SPIE observations: EUV vs. “all other” litho

by Ken Rygler, Rygler & Assoc. and Molecular Imprints

The halls were quiet at the SPIE Advanced Lithography Conference — you could roll a bowling ball down the exhibit aisles and not strike a soul. Having attended SEMI’s ITPC in November and SEMI’s ISS/SMC, I anticipated a dropoff in attendance. Nevertheless, I was surprised at its depth, considering SPIE is the premiere global technical lithography conference. Of course, as our industry has shifted so dramatically to Asia over the past two decades, the cost in time and money for Asian attendees was clearly not bearable to most Asian company management. Even dinner provided a litmus test — I walked across the street with no reservation and not only was there no wait, but it was more than half empty.

There was little real hard news at SPIE, besides the attendance (or lack of it). We learned SPIE is considering splitting the Alternative Lithography Technologies Conference into two conferences: EUV and “all others”. Motivation seems twofold — EUV papers continue to increase, while SPIE is looking to “all others” as a means to draw in more applications, such as hard disk drives, flat-panels, solar, biotech, and perhaps others. These seem to be reasonable goals, but what about the cost?

The industry has made a huge investment in EUV, and a number of careers have been invested in it as well. Its history has been checkered, and that is being gracious: two steps forward and one step back, with the net effect of delaying market entry for many years (some would say too many years).
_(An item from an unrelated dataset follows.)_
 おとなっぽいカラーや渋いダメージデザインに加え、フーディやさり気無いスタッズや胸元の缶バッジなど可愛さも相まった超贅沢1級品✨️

Renaming “SXPL” (soft x-ray projection lithography) to the more marketable “EUV” did not change the wavelength, or the fact that it is X-ray lithography which has always been fraught with a daunting list of challenges, any one of which can keep a number of engineers, scientists, academics, and students busy for years. An endless flow of papers is assured; commercial success clearly is not.
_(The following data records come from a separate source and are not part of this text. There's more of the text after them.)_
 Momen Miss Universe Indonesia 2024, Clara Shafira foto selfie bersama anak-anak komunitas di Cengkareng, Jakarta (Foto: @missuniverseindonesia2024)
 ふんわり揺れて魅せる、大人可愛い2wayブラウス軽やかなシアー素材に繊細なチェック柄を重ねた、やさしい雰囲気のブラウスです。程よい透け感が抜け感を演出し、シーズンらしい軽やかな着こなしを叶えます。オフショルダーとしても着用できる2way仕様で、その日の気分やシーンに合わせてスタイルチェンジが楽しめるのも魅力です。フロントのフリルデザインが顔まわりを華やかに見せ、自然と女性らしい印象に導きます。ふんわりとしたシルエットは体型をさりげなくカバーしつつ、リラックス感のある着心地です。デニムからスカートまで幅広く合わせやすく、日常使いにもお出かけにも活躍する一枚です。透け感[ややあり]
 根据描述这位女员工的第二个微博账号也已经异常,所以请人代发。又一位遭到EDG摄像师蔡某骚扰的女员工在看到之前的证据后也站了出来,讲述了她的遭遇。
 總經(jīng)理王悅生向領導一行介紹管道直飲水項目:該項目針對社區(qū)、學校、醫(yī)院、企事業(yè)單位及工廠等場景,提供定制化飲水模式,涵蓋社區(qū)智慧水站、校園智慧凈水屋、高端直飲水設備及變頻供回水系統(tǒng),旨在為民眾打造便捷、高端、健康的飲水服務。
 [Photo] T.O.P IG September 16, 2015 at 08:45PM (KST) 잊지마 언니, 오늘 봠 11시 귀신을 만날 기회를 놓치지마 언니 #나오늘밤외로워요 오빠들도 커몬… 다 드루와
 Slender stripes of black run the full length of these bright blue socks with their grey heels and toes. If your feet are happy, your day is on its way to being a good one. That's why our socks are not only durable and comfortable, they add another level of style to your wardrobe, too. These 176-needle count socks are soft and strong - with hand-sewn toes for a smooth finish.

“All other” lithography technologies already have, and will continue to, draw new applications into SPIE’s predominantly semiconductor lithography conference. For example, the hard disk industry has always been involved, given their optical patterning of thin-film read/write heads. Hard disks are now moving to patterned media, and will deploy imprint technology to pattern over one billion disks, beginning soon. This is more than the global consumption of 8-inch equivalent silicon wafers. Attendance by members of the hard disk industry has increased as a consequence, as has their submission of papers.
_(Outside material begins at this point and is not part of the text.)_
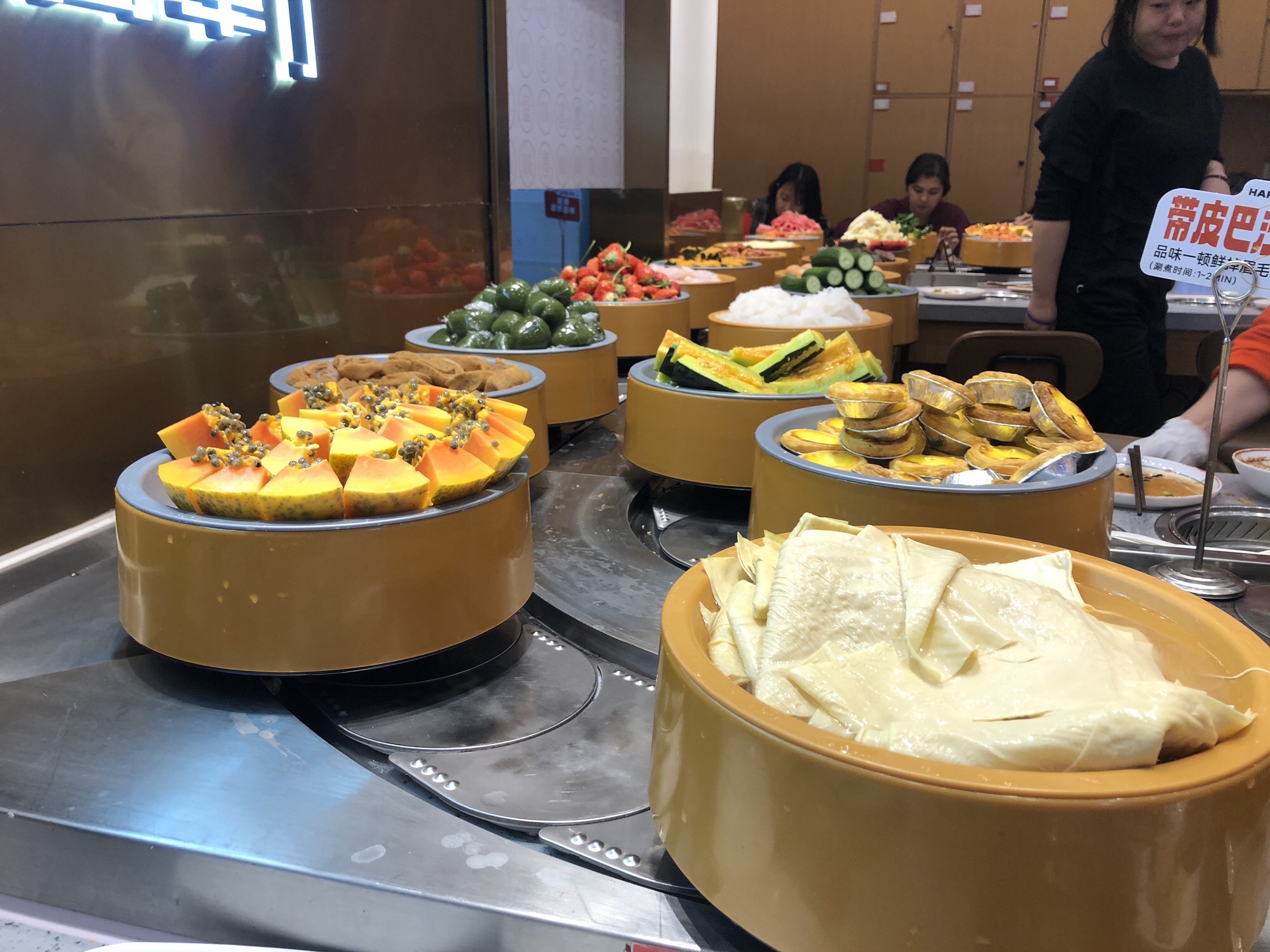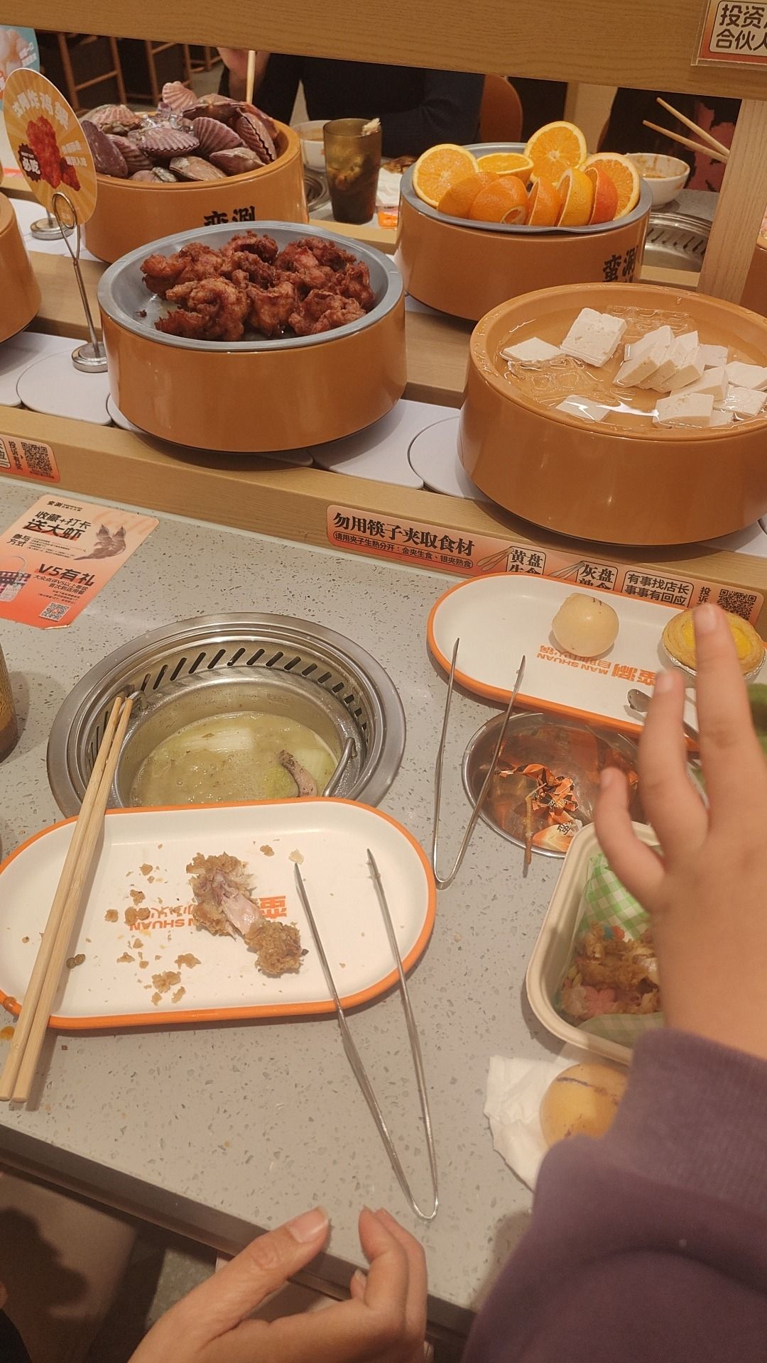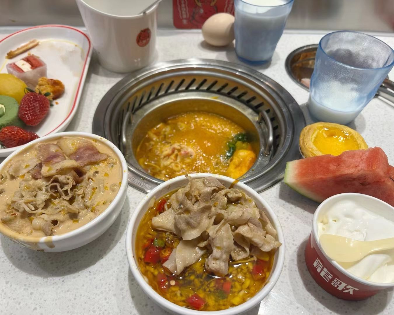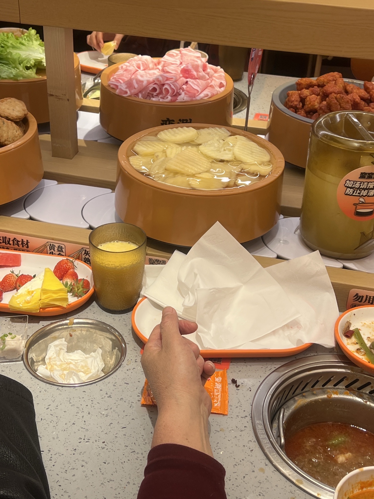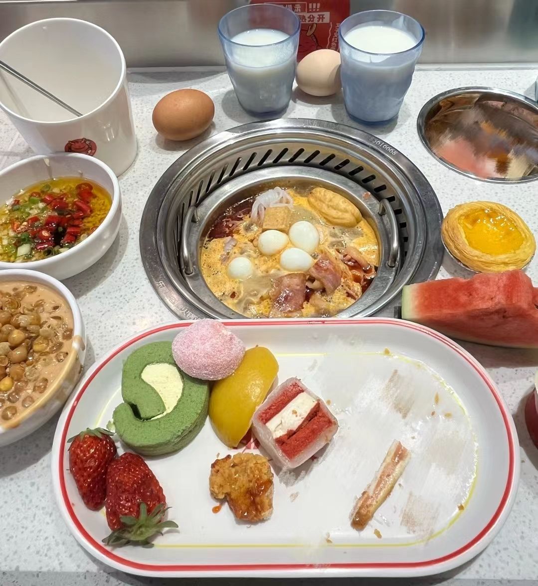 🍴菜品:真的特别特别全,几乎没有办法全部吃遍 光新鲜水果就有7/8种,草莓又大又甜还完全不限量,除此之外的炸货也特别多,感觉不吃火锅光吃小食也能吃饱,涮品也很新鲜,鸭肠、乌鸡卷、龙利鱼都有,特别推荐 🥂环境:新开业的店干干净净,刚开放的时候去没什么人,后面慢慢就变多了 💁服务:小哥给安排在出餐口的位置,拿菜特别方便,阿姨收垃圾也收的很及时,好评好评!

SPIE’s challenge is balancing the needs of their largest audience: semiconductor lithographers, especially managers and directors, facing serious lithography alternatives. Recently, imprint has emerged as a serious challenger to EUV, particularly in the high-volume, fast-growing non-volatile memory market, currently dominated by NAND flash. While two alpha EUV tools have been sold to IMPLSE and IMEC, two step-and-flash imprint lithography (S-FIL) beta tools have been sold to Toshiba and SEMATECH. Recent cost-of-ownership data has given imprint a significant edge vs. both EUV and optical double patterning. In addition, e-beam direct write (aka ML2, aka maskless) is enjoying somewhat of a renaissance, thanks to at least one foundry promoting its use in small wafer runs, one of their staples. If SPIE does indeed split the current Alternative Lithography Technology Conference into two conferences, SPIE must manage it in a way that lithography managers will not be faced with impossible choices when scheduling their time.


Ken Rygler is president of Rygler & Associates Inc. and chief marketing officer of Molecular Imprints Inc.